[Collected data]

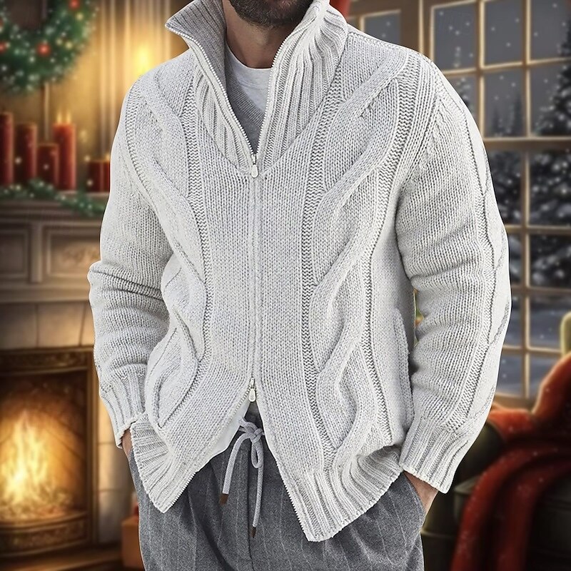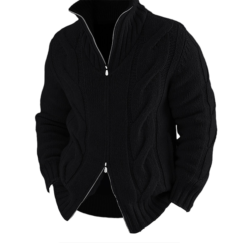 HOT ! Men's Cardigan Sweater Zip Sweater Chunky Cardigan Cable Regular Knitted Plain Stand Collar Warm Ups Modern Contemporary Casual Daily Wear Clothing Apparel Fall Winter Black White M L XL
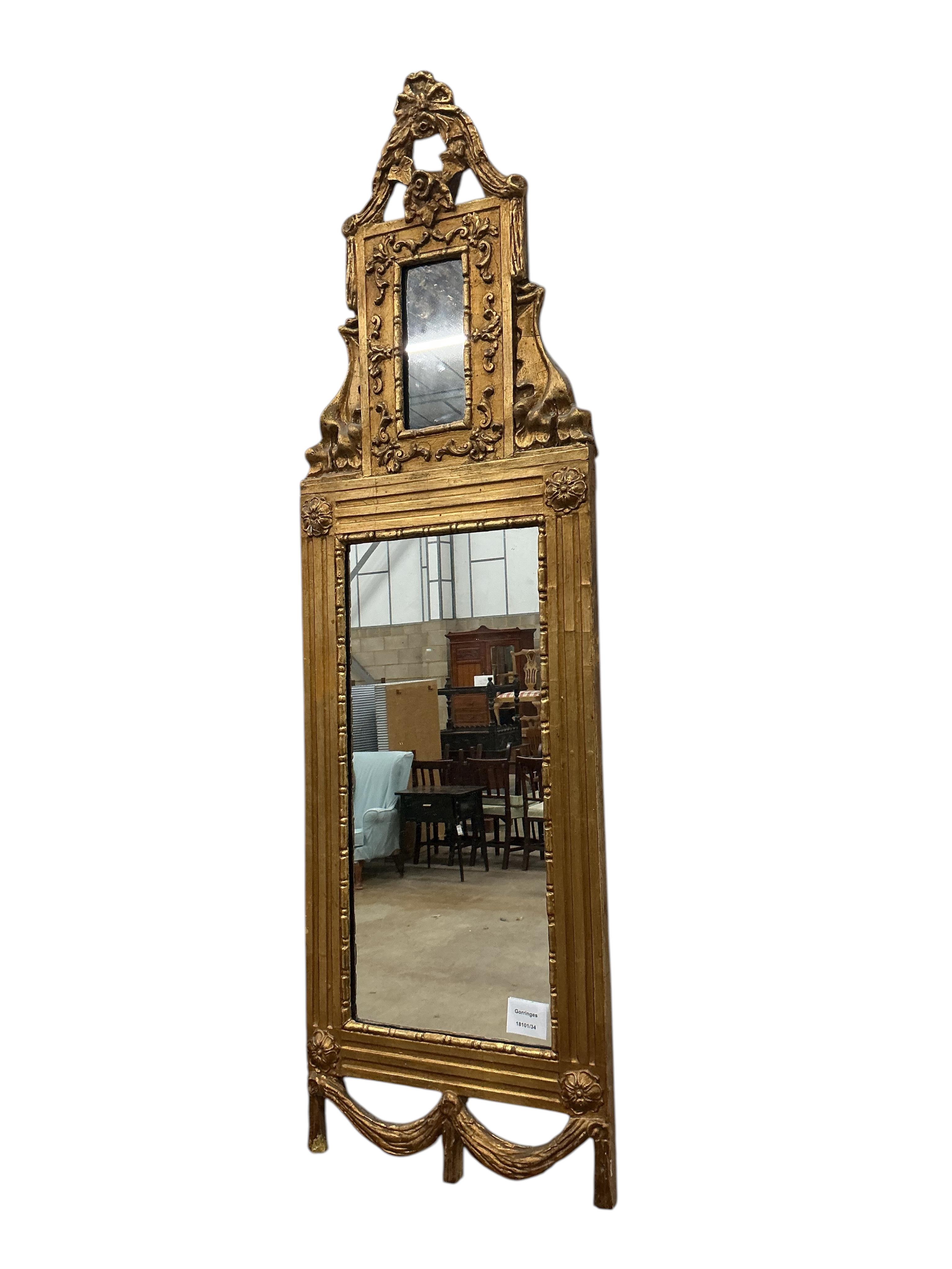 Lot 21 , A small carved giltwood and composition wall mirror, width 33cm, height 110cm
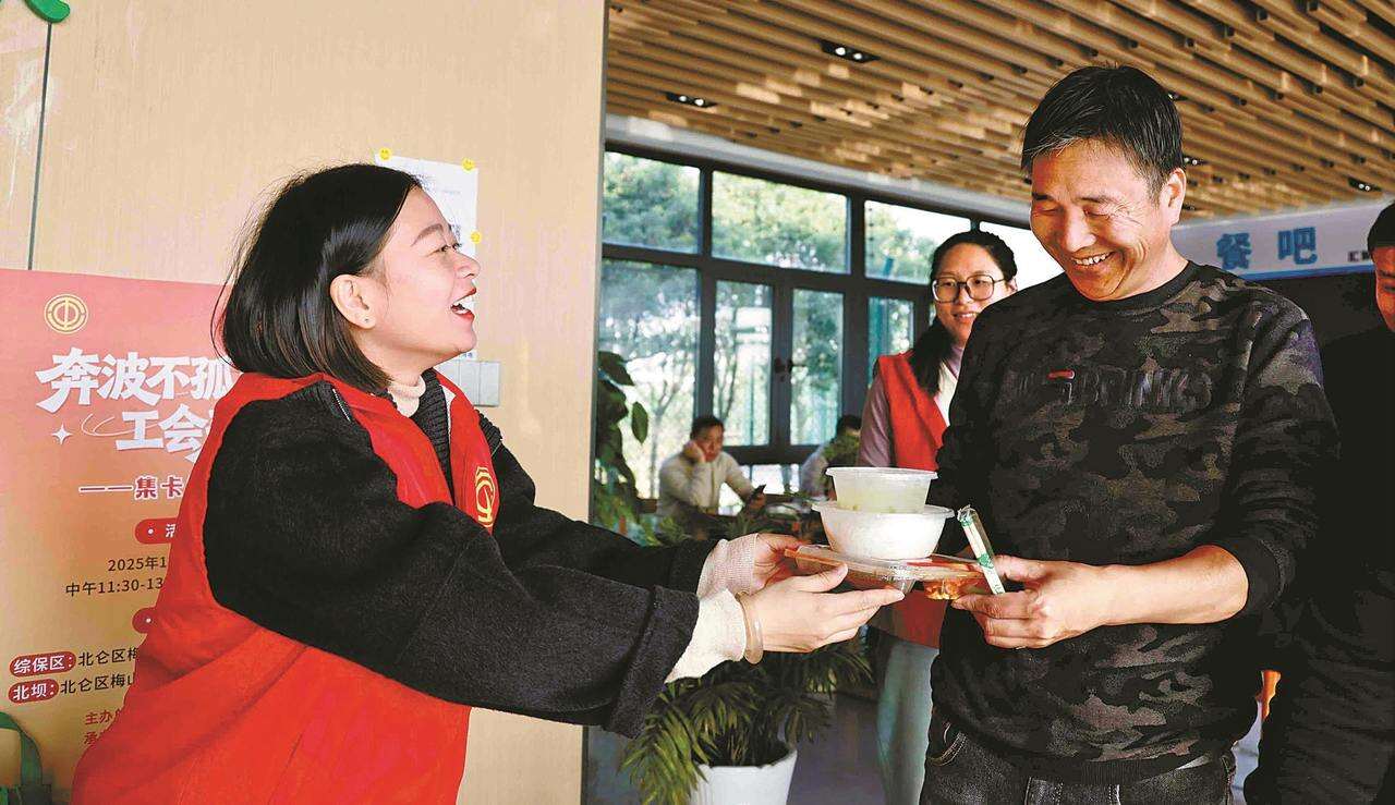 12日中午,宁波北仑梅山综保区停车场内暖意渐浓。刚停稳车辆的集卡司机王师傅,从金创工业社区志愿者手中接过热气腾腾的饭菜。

[/Collected data]

Provide a precise transcription of the listing, excluding each picture.

 HOT ! Men's Cardigan Sweater Zip Sweater Chunky Cardigan Cable Regular Knitted Plain Stand Collar Warm Ups Modern Contemporary Casual Daily Wear Clothing Apparel Fall Winter Black White M L XL
 Lot 21 , A small carved giltwood and composition wall mirror, width 33cm, height 110cm
 12日中午,宁波北仑梅山综保区停车场内暖意渐浓。刚停稳车辆的集卡司机王师傅,从金创工业社区志愿者手中接过热气腾腾的饭菜。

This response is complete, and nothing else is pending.